- Born: Matthew Joseph Wolf-Meyer July 19, 1976 (age 49) Warren, Michigan, U.S.
- Occupation: Anthropologist
- Years active: 2002–present

= Matthew Wolf-Meyer =

American anthropologist

Matthew Wolf-Meyer is an American anthropologist.

==Education==
Wolf-Meyer graduated with the Ph.D. from the University of Minnesota.

==Career and research==
He served as an assistant professor of anthropology at Wayne State University in 2007–2008, an assistant and associate professor of anthropology at the University of California, Santa Cruz, from 2008 to 2015, and is currently an associate professor of anthropology at Binghamton University. From 2021 to 2023, he is a Senior Research Fellow at the Institute for Advanced Study at Tampere University in Tampere, Finland. He is the author of three books. The first is called The Slumbering Masses: Sleep, Medicine and Modern American Life which was published in 2012, and received the Society for Medical Anthropology's New Millennium Book Award in 203. His second book, Theory for the World to Come: Speculative Fiction and Apocalyptic Anthropology, was published in 2019, and his most recent book, Unraveling: Remaking Personhood in a Neurodiverse Age was published in 2020.

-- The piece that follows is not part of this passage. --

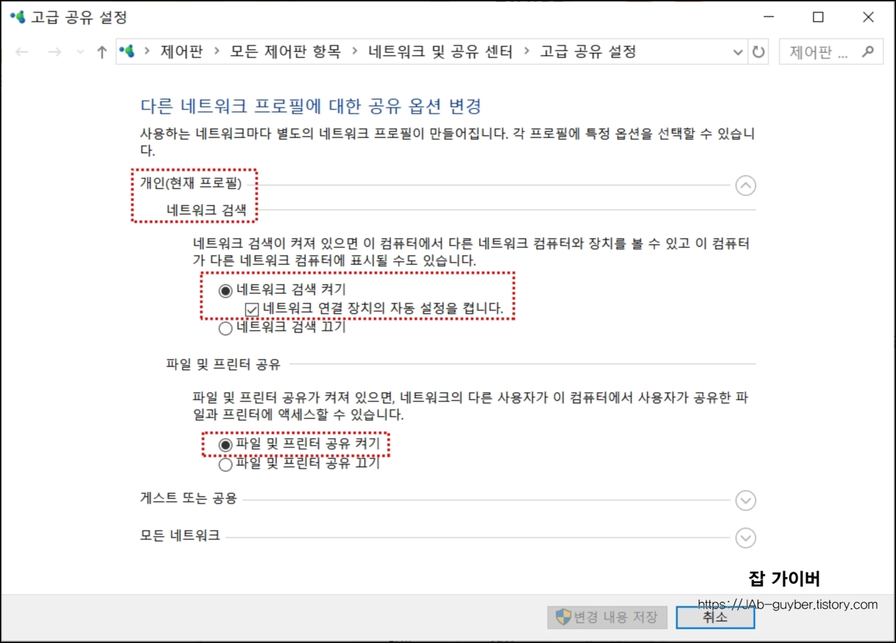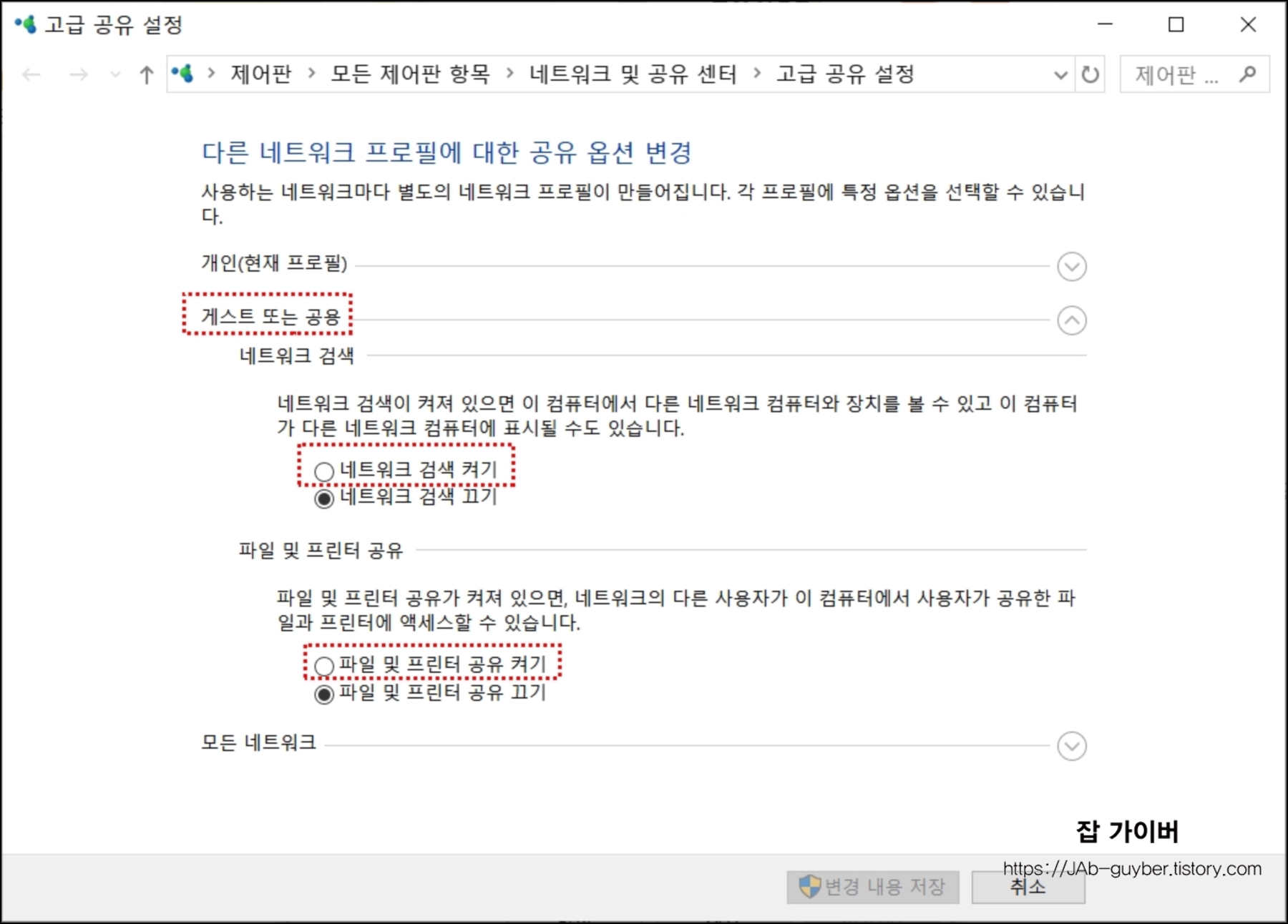 그 외에도 게스트 또는 공용 네트워크에 검색과 프린터 공유를 필요에 따라서 활성화 설정합니다.

Wolf-Meyer's research focuses on the interconnections between science and technology studies, bioethics, and disability studies. His work draws on poststructuralist and affect theory—particularly the work of Gilles Deleuze and Felix Guattari—to develop frameworks to conceptualize human variation in ways that move beyond typical understandings of disability, impairment, and medicalization. He is most associated with anti-reductive approaches to race and disability, represented in his work on the biology of everyday life and affective bioethics.

His work has been profiled in the New Yorker, the Los Angeles Review of Books, and other leading journals in the sciences and social sciences.